Pour les Développeurs

Code Informatique

The MIT-licensed code is available on GitHub. Technologies at play include Apache Spark to group occurrence records by raw entries in recordedBy and identifiedBy and to import into MySQL, Elasticsearch to aid in the searching of people names once parsed and cleaned, Redis to coordinate the processing queues, and Sinatra/ruby for the application layer.

Analyser les Noms

Ruby gem

A stand-alone ruby gem, dwc_agent may be used to parse people names and additionally score given names for structural similarity.
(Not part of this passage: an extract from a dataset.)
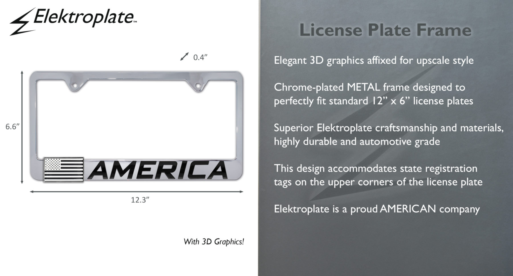 Do you love the red, white, and blue but black & white is more your vibe? Our minimalistic 3D inverted flag license plate frame are the perfect option for you! Elevate your vehicle’s style with this Patriotic American Flag chrome-plated metal license plate frame (12.3" x 6.6") by Elektroplate. This high-quality all-metal frame is comprised of striking custom molded 3D features and is built to endure the elements, ensuring it remains looking brand new for years without chipping or fading.

It also includes a command-line executable dwcagent that combines parsing and cleaning then produces JSON as output.

$ gem install dwc_agent
$ irb
> parsed = DwcAgent.parse "Lepschi BJ; Albrecht DE"
  => [#<Name family="BJ" given="Lepschi">, #<Name family="DE" given="Albrecht">]
> DwcAgent.clean parsed[0]
  => #<Name family="Lepschi" given="B.J.">
> DwcAgent.similarity_score "J.R.", "Jill R."
  => 2
$ dwcagent "Lepschi BJ; Albrecht DE"
[{"family":"Lepschi","given":"B.J.","suffix":null,"particle":null,"dropping_particle":null,"nick":null,"appellation":null,"title":null},{"family":"Albrecht","given":"D.E.","suffix":null,"particle":null,"dropping_particle":null,"nick":null,"appellation":null,"title":null}]